Consta inclusive que, antes da gravação que foi ao ar na segunda-feira, houve,
no palácio, um corre-corre de assessores presidenciais para aparar o bigode de
Vossa Excelência.
-- Rápido, uma tesoura bem afiada, disse um dos assessores.
Houve até quem sugeriu a convocação de dona Solange Hernandez. "Ela
entende muito de tesoura, porque por muito tempo foi uma eficaz chefe do
Departamento de Censura."
-- Nada disso, teria retrucado um outro assessor. "Dona Solange corta
demais."
E aí começou a polêmica:
-- É melhor cortar demais do que não cortar nada, disse um terceiro
colaborador, para acrescentar o seguinte: "Se o bigode presidencial ficar
comprido, o povo poderá achar que Sarney é um ventríloquo, o que,
evidentemente, não pegaria bem. Vocês já imaginaram a frase 'o Brasil vai dar
certo' saindo das profundezas de um bigode? Ninguém iria acreditar."

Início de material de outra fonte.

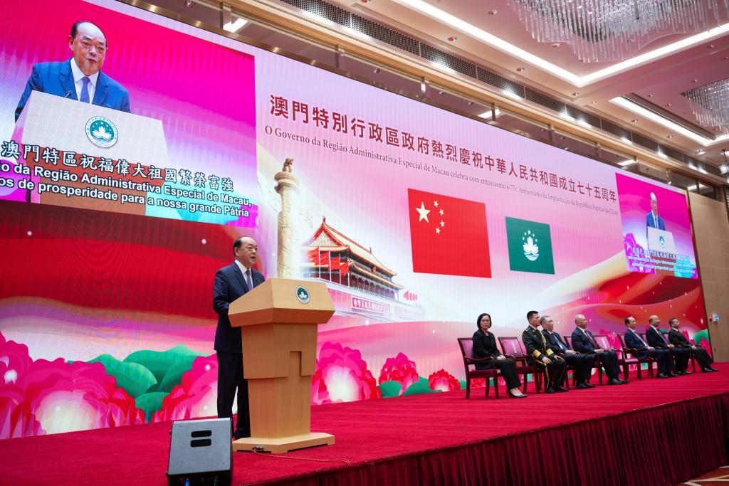 新华社澳门10月1日电(记者刘刚、李寒芳)澳门特区政府1日举行升旗仪式和国庆酒会,庆祝中华人民共和国成立75周年。

Não se sabe até aonde foi a polêmica, mas o fato é que o presidente apareceu
na TV com o bigode devidamente censurado, digo, aparado.
O pronunciamento teve boa repercussão. Agradou a gregos e troianos, embora o
pau entre eles continue comendo solto.
Até os jovens gostaram do desempenho do presidente. Um deles teria afirmado que
"foi um barato o primeiro vídeo-clip da Nova República".
Na verdade, apenas duas, três pessoas não gostaram do pronunciamento. Segundo
elas, o presidente disse tudo o que vai fazer, mas esqueceu de falar como
ele vai fazer. Parece que essas pessoas têm razão, porque daqui a 20 dias o
presidente voltará à TV para se explicar melhor.
Espera-se que, desta vez, Sarney lembre-se que o pais já tem bons atores e o
que só falta é um bom presidente.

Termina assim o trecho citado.